Dunzo can bring some documents to your office if you forgot them at home. Dunzo will get you a t-shirt from a mall if you cannot go to that mall to buy it yourself.


With the significant developments in mobile applications, one aspect has been streamlined: product delivery. And when it comes to delivery-related responsibilities, Dunzo has been a godsend for many.

Dunzo’s characteristics will have you slouching on your couch in no time. Dunzo is on its way to making an impact, with hundreds of favorable reviews and investor appreciation.

The phrase Dunzo is a slang acronym that means “done” or “completed.” The firm chose this name since they are focused on completing or delegating the task that their clients have given to them. Dunzo may do any work that the customer asks to finish or transport from one area to another, as the name implies. The main concept behind the company’s brand is to be quick, dependable, and brave.

Dunzo is an Indian firm that provides hyper-local on-demand delivery services.
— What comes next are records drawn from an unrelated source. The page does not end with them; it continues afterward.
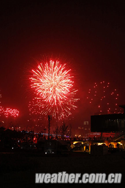 2010年4月27日,上海世博會開幕式彩排順利進(jìn)行。圖為美麗的煙花。卞赟 攝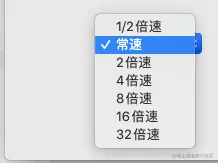 [<NSMenuItem: 0x600002903720 1/2倍速>, <NSMenuItem: 0x600002911180 常速>, <NSMenuItem: 0x6000029034f0 2倍速>, <NSMenuItem: 0x600002903480 4倍速>, <NSMenuItem: 0x6000029035d0 8倍速>, <NSMenuItem: 0x600002903640 16倍速>, <NSMenuItem: 0x6000029036b0 32倍速>]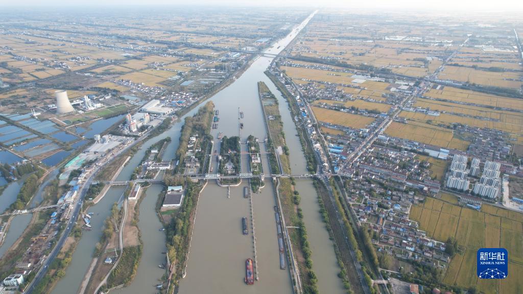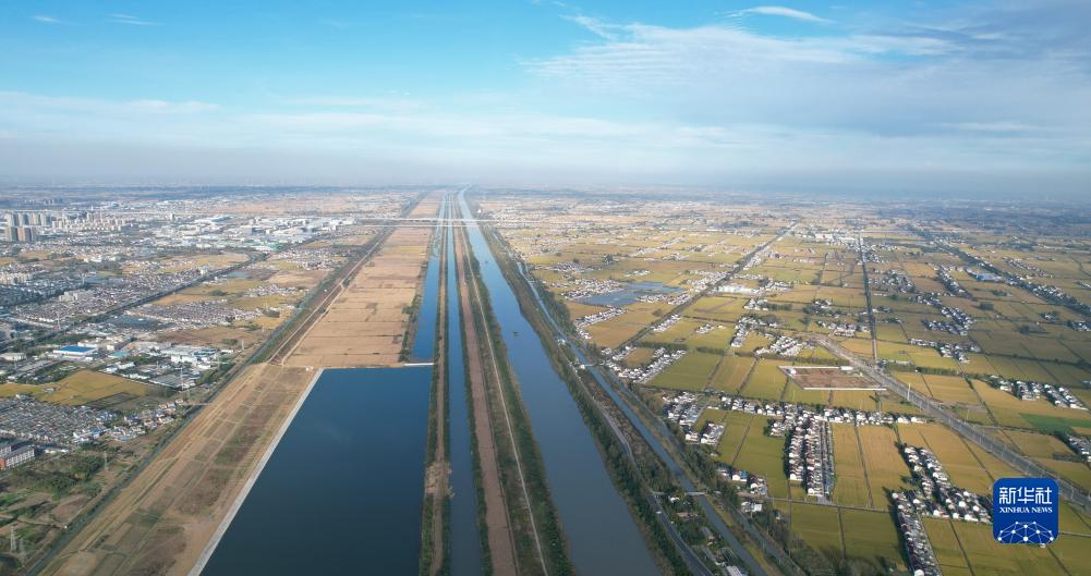 南北向的京杭大运河分别与东西向的苏北灌溉总渠(上)和淮河入海水道(下)交汇(无人机照片,2023年10月29日)。新华社记者 刘诗平 摄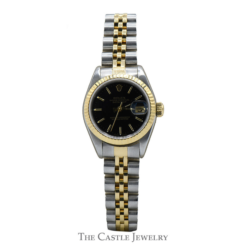 Two Tone Ladies Rolex Datejust 79173 26mm Luxury Watch with Black Dial in 18k & Stainless Steel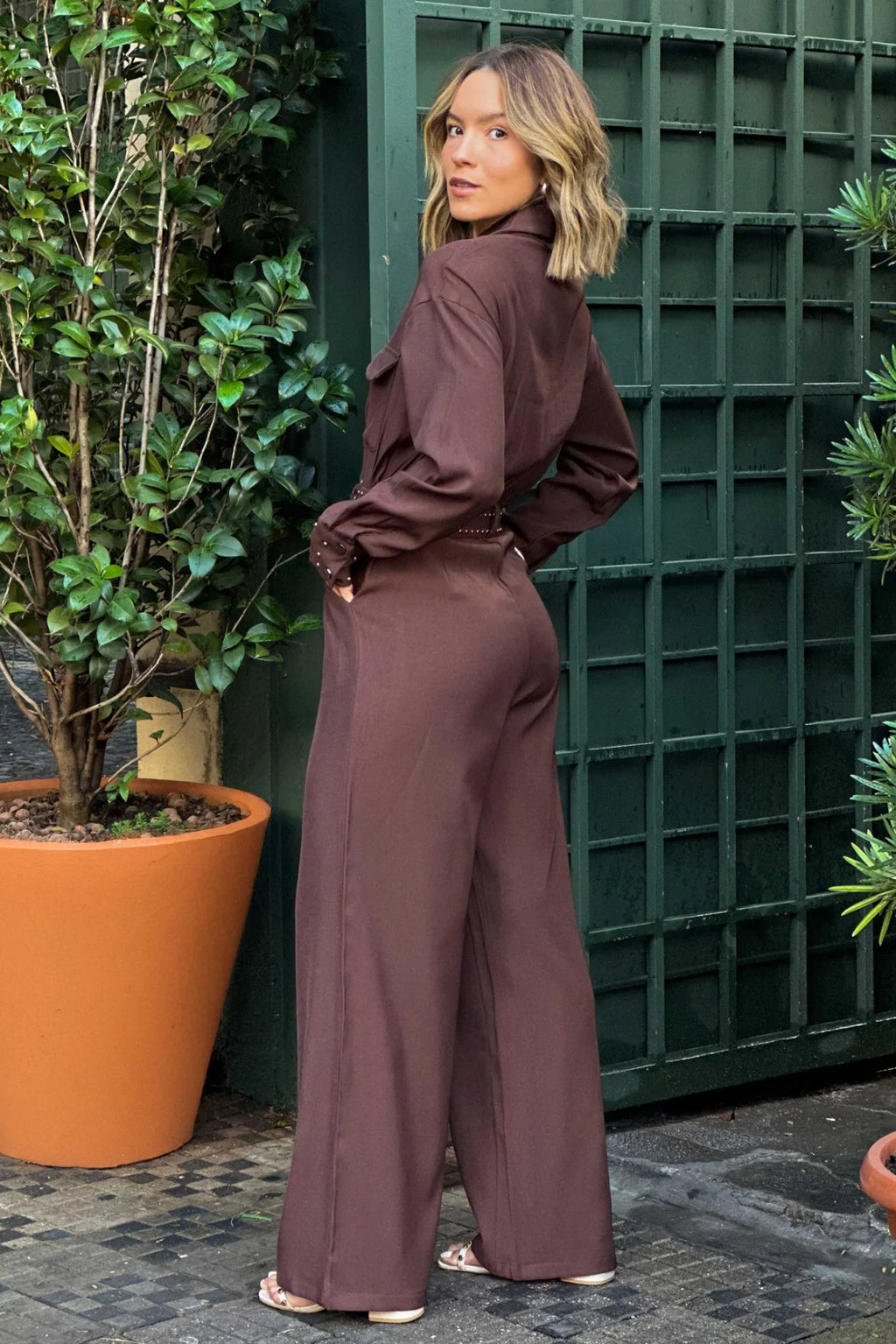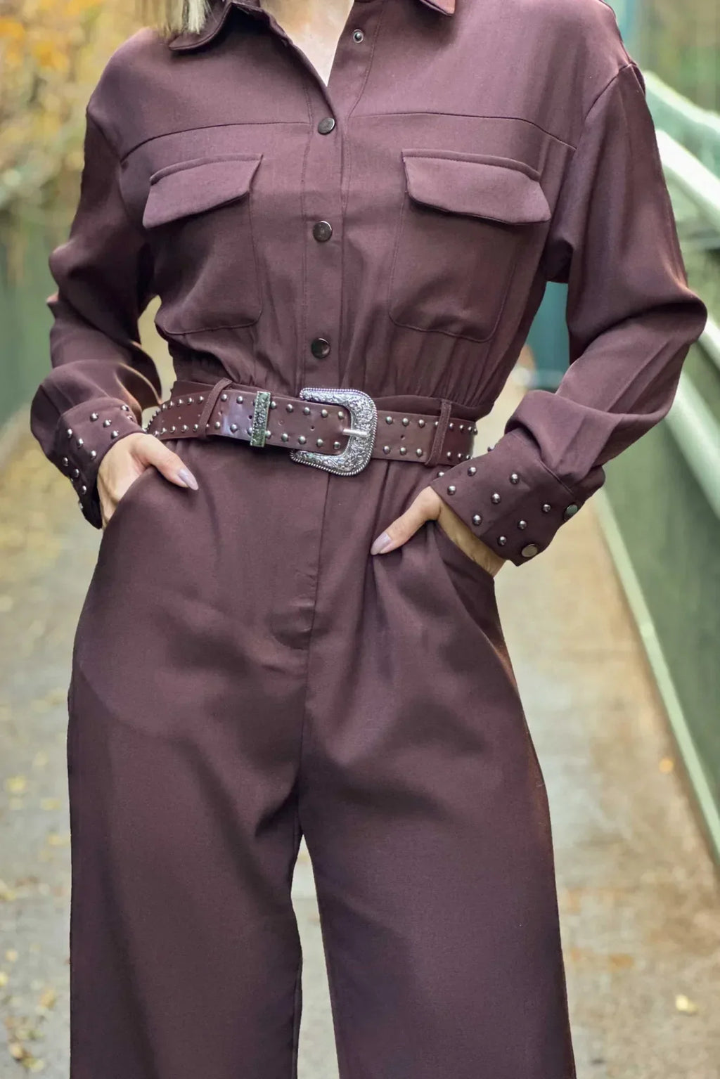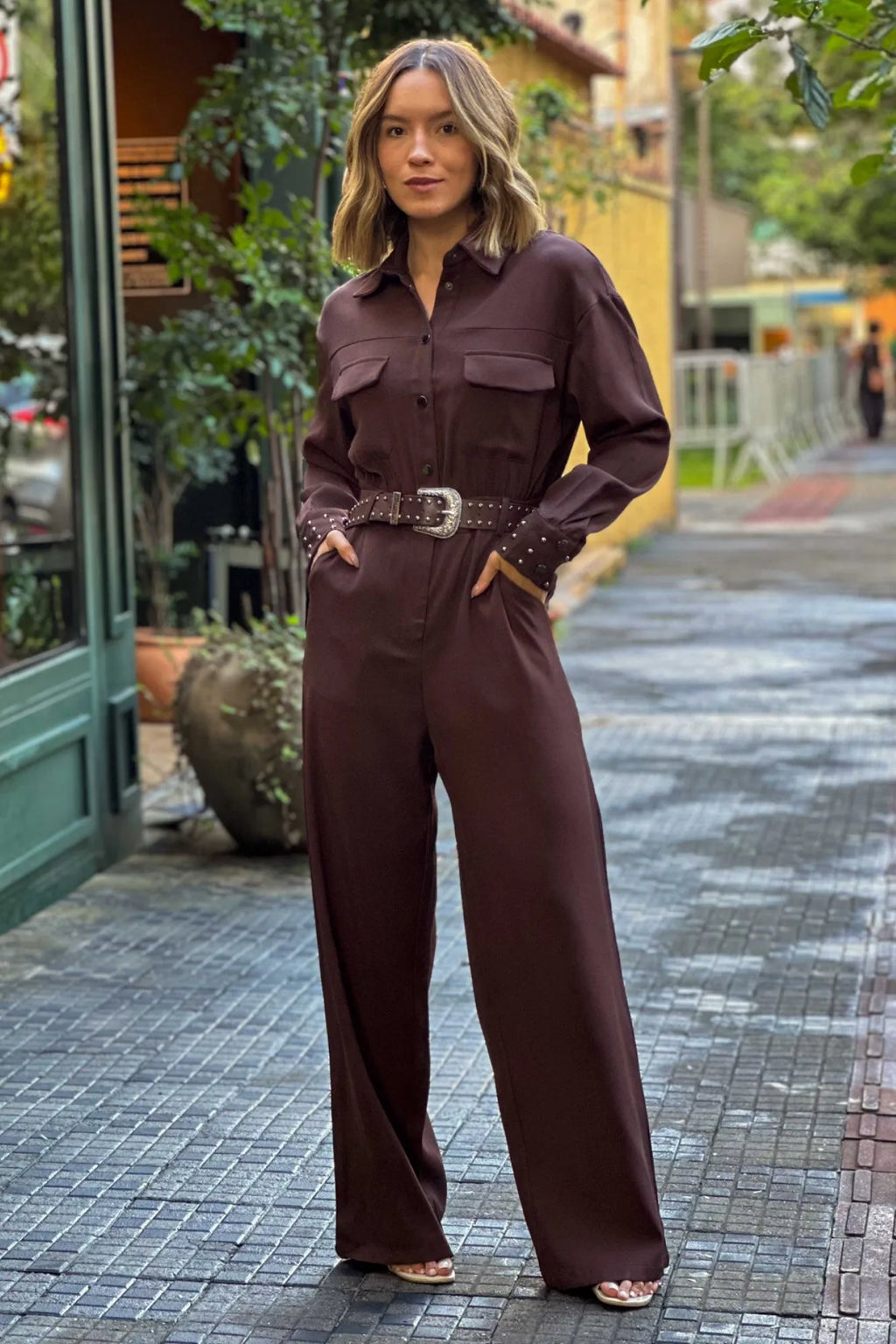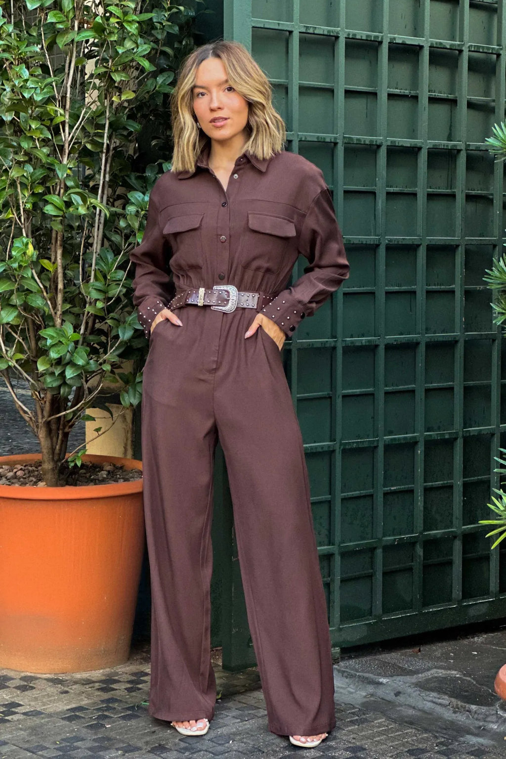 Macacão Feminino Manga Longa com Cinto

The delivery company provides all of the goods requested by the user on demand for a little fee.

The site also includes partnerships with a variety of eateries, apparel businesses, and general stores. Bengaluru, Noida, Delhi, Chennai, Hyderabad, Pune, Hyderabad, and Mumbai are among the cities where it now works.

Dunzo offers a single platform for all commodities, including groceries, pet supplies, health and wellness, bike rides, laundry delivery, pick-up and drop-off services, and a variety of other services.

Meet the founders

Kabeer Biswas is the founder of Dunzo and the one who came up with the idea for the platform. At the age of 28, he took the initiative to save the public’s time by introducing the Dunzo platform concept. Kabeer is a Mumbai University engineering graduate and alumnus of Mumbai’s Narsee Monjee Institute of Management. He is also the inventor of Hoppr, a platform that was eventually sold to Hike Messenger. In addition, from 2007 to 2010, he worked with Airtel in the sales and manufacturing department.
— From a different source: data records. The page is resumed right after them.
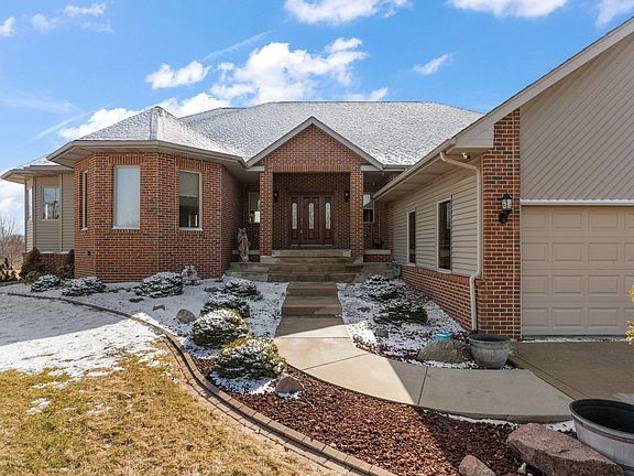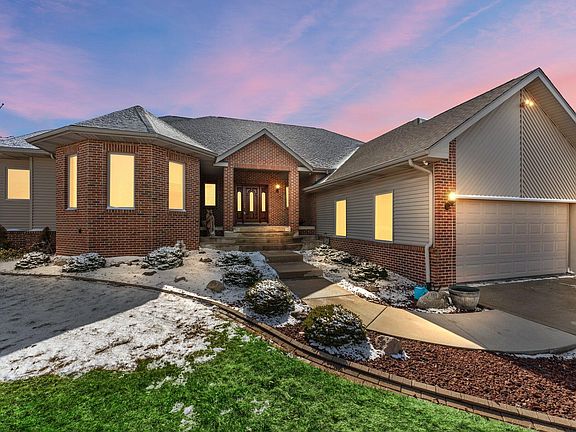 Acreage - Horses Allowed......3 Bed, 4 Bath Custom ranch home on 4.459 ACRES! Large kitchen and dining room, sun room with lots of windows to look at your empty pasture. Huge Primary bedroom with ensuite bathroom, 10' tray ceiling, and 3 closets (walk in). Primary ensuite bath has whirlpool tub, separate shower and double vanity. Main floor office with bay window. Harwood floors throughout main level and Main floor luandry with laundry tub. There is a second kitched adjacent to finished 3 car garage. Also a 2nd - 3 car garage attached to 1st garage. Zoned heat, Large covered patio and composite deck. Full walk-out basement finished with family room, workout room, and full bath and could be set up as a game room and bar area. Large unfinished utility room. Almost 3,000 sq feet on main level. 10 minutes from I 65. Right on Hebron/Winfield/Valpo border 10 minutes from everything you need. Country living but City Close!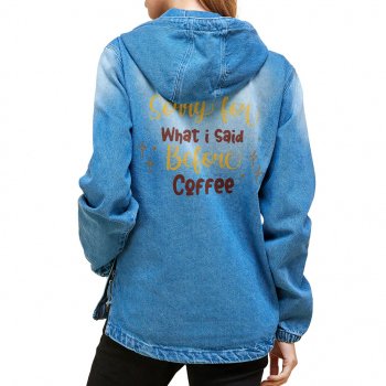 Funny Coffee Women’s Denim Jacket with Hoodie – Quote Ladies Denim Jacket – Themed Denim Jacket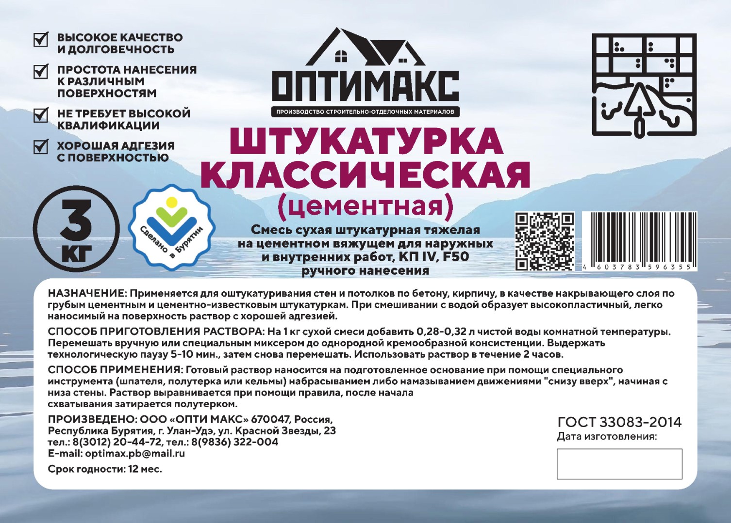 Штукатурка " ОПТИ МАКС Классическая" на цементной основе, фасовка 3 кг

Ankur Agarwal, a computer science graduate from IIT Roorkee, is one of Dunzo’s co-founders. Mukund Jha, who worked with Ankur at Google, is the platform’s other co-founder. Filter, an HR IT startup founded by the two, was also founded by them. Dalvir Suri, a Mumbai University graduate, is the platform’s fourth co-founder. He worked with IBM as well as Cybrilla Technologies, where he was the operations and delivery leader.

How it all started

After six months in Bengaluru, Kabeer Biswas became bored. He decided to try out a novel company concept based on a to-do list that completes itself. Dunzo was founded on this principle. Dunzo’s headquarters became his modest room in a duplex. He then began informing his pals about the plan, which quickly gained traction. Kabeer quickly began conducting errands for others on his bike and making deliveries on his own. People sent him a message on WhatsApp, and he made sure their mission was completed.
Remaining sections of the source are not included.